▶ [WHAT THE TASK REQUIRES]: When you reach the line with "Medical camp on 04 November, 2022" in the listing below, transcribe it and each line after it up to and including the line with "Figure 1 (left).", exactly and with nothing else.

▶ [RAW DATA]:
BEGIN
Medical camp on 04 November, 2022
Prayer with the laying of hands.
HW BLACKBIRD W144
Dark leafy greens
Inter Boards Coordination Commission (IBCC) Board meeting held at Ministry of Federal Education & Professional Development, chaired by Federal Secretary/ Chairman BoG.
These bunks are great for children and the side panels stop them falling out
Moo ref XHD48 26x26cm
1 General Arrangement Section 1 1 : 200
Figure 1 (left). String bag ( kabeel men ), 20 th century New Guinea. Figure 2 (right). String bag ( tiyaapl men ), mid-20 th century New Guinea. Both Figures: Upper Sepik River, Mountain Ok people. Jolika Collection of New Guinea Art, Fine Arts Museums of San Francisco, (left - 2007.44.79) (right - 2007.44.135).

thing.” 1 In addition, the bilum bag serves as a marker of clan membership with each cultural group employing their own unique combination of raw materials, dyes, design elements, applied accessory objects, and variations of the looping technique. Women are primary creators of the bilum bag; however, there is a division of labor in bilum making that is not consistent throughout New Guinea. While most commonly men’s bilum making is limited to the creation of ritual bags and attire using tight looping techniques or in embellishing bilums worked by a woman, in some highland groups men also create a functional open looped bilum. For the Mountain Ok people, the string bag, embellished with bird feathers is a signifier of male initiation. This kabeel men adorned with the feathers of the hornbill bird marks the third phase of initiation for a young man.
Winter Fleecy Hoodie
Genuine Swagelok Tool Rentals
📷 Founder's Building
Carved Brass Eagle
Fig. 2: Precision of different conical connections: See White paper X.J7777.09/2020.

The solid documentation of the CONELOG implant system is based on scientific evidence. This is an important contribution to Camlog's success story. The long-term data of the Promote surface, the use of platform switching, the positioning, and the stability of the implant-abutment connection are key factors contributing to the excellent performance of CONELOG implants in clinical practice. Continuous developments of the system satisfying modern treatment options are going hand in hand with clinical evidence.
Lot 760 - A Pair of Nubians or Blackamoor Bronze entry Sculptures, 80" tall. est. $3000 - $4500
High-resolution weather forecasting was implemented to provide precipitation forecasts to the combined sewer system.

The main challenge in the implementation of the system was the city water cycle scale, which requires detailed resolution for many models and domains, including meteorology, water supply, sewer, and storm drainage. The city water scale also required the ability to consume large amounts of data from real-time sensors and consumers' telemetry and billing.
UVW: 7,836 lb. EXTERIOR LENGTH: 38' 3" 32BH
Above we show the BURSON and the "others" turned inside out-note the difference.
END
BEGIN
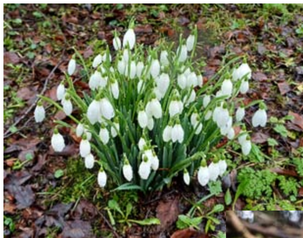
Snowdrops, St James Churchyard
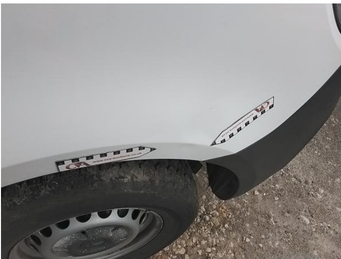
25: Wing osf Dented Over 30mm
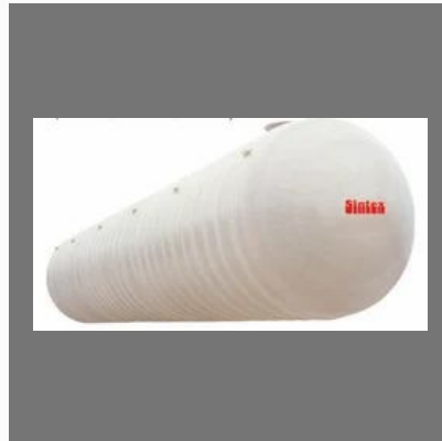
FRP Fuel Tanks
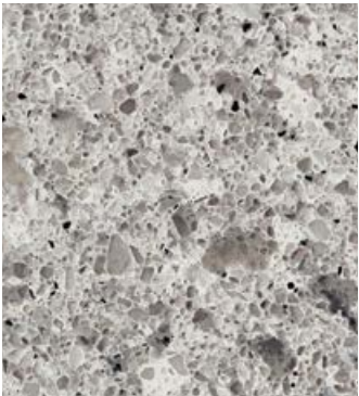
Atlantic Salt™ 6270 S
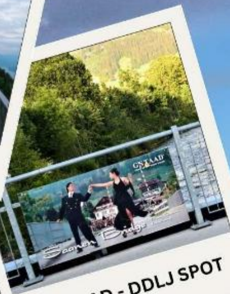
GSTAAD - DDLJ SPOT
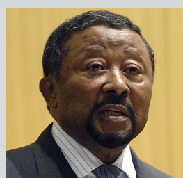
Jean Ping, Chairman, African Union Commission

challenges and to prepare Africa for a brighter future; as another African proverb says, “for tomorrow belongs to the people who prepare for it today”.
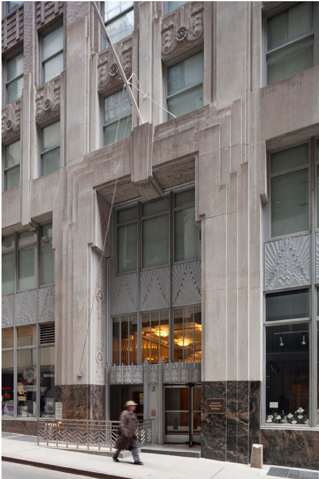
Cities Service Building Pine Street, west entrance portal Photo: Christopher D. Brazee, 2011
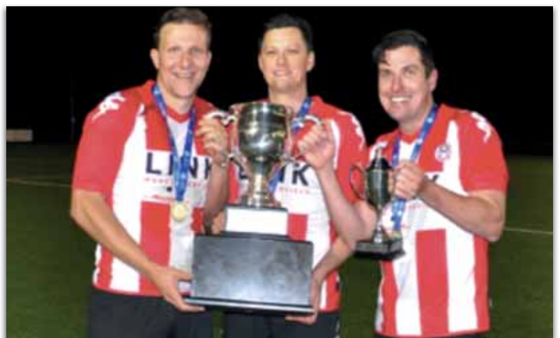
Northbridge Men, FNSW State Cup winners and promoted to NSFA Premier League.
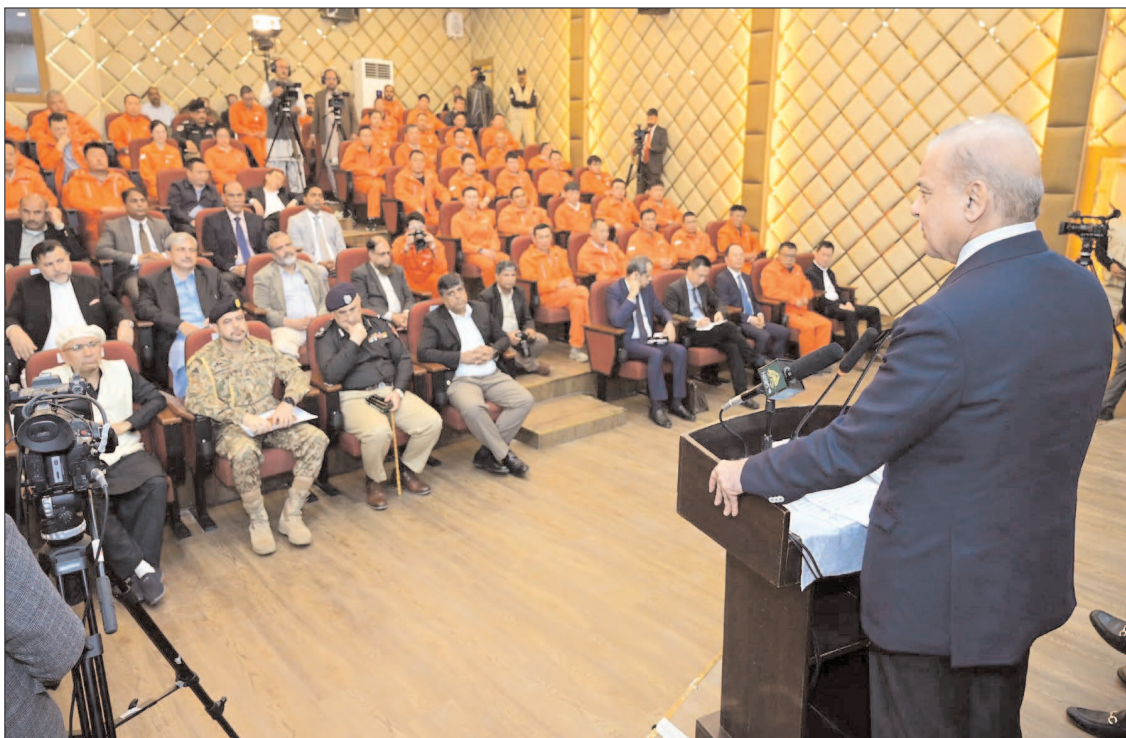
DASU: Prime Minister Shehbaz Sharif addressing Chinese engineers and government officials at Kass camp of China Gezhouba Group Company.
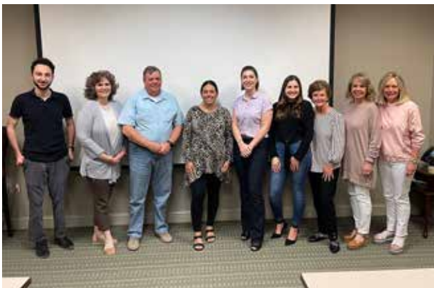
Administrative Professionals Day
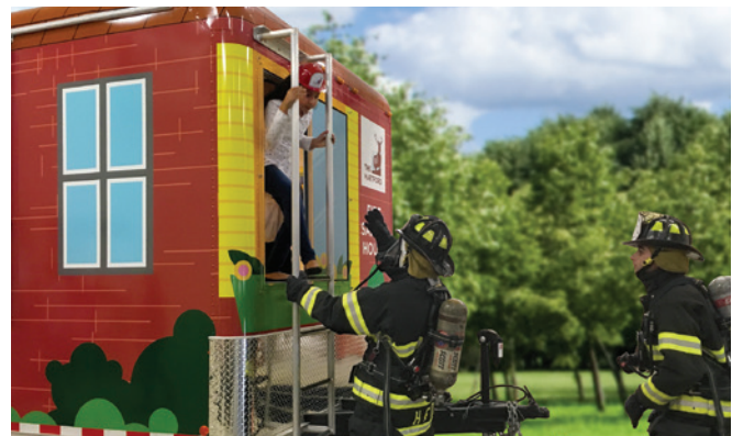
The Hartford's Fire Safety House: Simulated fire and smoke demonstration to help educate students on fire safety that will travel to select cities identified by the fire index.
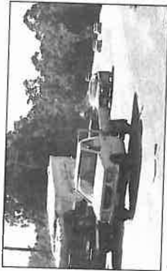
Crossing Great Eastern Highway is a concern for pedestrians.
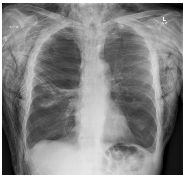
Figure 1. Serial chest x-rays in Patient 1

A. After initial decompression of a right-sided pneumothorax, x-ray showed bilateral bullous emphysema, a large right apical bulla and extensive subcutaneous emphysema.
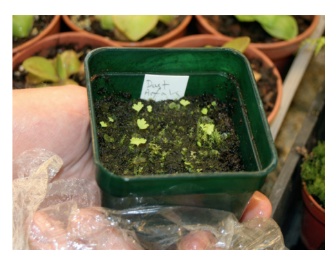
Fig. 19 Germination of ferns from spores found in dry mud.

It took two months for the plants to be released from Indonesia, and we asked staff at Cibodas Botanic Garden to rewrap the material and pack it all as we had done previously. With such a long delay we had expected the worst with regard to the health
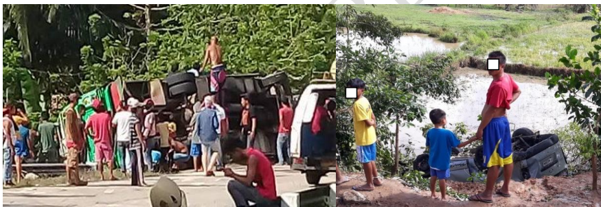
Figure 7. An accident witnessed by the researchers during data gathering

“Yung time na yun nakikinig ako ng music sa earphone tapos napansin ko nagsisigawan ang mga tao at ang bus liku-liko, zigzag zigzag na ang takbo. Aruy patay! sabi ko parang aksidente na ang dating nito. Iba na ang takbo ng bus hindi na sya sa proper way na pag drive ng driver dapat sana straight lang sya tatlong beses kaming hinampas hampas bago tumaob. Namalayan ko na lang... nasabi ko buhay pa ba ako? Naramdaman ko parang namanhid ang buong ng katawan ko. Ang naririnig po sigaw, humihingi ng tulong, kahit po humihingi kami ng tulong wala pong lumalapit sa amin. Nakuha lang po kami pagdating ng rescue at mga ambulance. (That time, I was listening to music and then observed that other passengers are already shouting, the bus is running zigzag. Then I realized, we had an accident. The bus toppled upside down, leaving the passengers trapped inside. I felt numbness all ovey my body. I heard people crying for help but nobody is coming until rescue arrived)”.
END
▶ [EXERCISE RESPONSE]:
Medical camp on 04 November, 2022
Prayer with the laying of hands.
HW BLACKBIRD W144
Dark leafy greens
Inter Boards Coordination Commission (IBCC) Board meeting held at Ministry of Federal Education & Professional Development, chaired by Federal Secretary/ Chairman BoG.
These bunks are great for children and the side panels stop them falling out
Moo ref XHD48 26x26cm
1 General Arrangement Section 1 1 : 200
Figure 1 (left). String bag ( kabeel men ), 20 th century New Guinea. Figure 2 (right). String bag ( tiyaapl men ), mid-20 th century New Guinea. Both Figures: Upper Sepik River, Mountain Ok people. Jolika Collection of New Guinea Art, Fine Arts Museums of San Francisco, (left - 2007.44.79) (right - 2007.44.135).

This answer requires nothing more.